As a lover and researcher of this craft I have come to really understand this. They have the power to define you, define others, and define values.

Ten minutes on your social media page can set my entire view of you. I can decide whether you’re left or right, whether you’re well educated or not, whether you embrace vulgar language in order to get a point across, or whether your mind is creative enough to get the same point across without profanity. I can tell whether you value your opinion over all others, or whether you choose to share other’s opinions instead. I can tell whether you feel need to speak up about everything you believe in, or whether you instead only speak on subjects that you feel passionate about.

Is this right? Do I have any right to judge everything about you by the things you post on social media? No, probably not, but this is the world we live in, a world of extremely public forms of communication and opinion, and in case you have not grasped it yet: Words. Have. Power.

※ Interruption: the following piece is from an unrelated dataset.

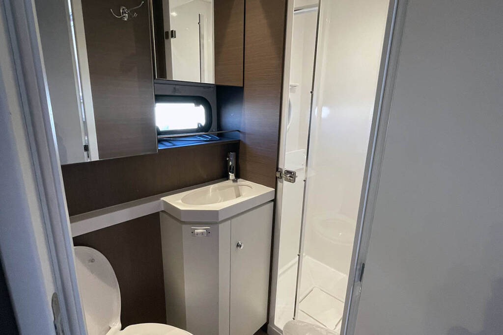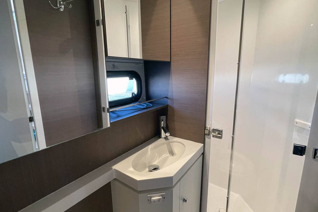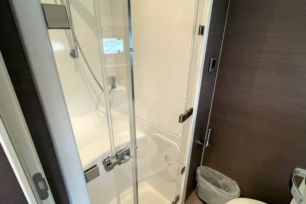 | Inside | 110 V Steckdose, Backofen, Elektrische Filterkaffeemaschine, Fäkalientank, Frischwasserpumpe, FUSION Sound System, Gasherd, Gefrierschrank, Generator, Inverter 12V/220V, Kleiderbügel, Klimaanlage (ohne Landstrombedarf), Klobürste, Kühlschrank, Landstromkabel, Mikrowelle, Mixer, Pantryausstattung, Radio, Toaster, USB Steckdose, Ventilatoren in Kabinen, Wasserkocher, Watermaker, WC (elektr.), WC-Pumpe |

I may not know anything about you, but your words leave impressions. Sometimes the impressions are good, sometimes they aren’t. But that is your freedom. You’re allowed to speak, and I’m allowed to receive.

You have the freedom to leave impressions, and I have the freedom to be impressed upon, and this is an essential aspect to authentic humanity.

It comes with risks, it comes with offenses, and it comes with disagreements. That’s the price you pay because it is important. Conversation is important, and by eliminating words, by growing a long list of things people can’t say without being attacked, you’re eliminating authentic conversation. You’re eliminating freedom, and you’re eliminating the possibility of overcoming thick and growing barriers.

People are terrified to speak in this day and age, and to me, it’s beginning to resemble this goofy little book I read. Words aren’t illegal, but the punishment for saying the wrong thing can be absolutely horrifying: attacks, threats, complete demeaning of character. There are few efficient and respectful conversations, not because people are close-minded, but because they’re afraid. People are afraid to ask questions because no one knows what will be the wrong ones.

Yes, people should be careful with their words. There are words I will never say, because I value my own voice. But conversation should not be destroyed because of the use of one word that may or may not carry negative connotation to some people. Conversation should not be dictated by random people of high power who casually decide what words should and should not be apart of the human vocabulary.

Continue to listen past the point that you feel slightly offended. Continue to listen even when you disagree. Continue to listen to other’s words, and continue to be impressed upon. Sometimes we are drawn out of conversation because we assume rather than clarify, and this is extremely unfortunate.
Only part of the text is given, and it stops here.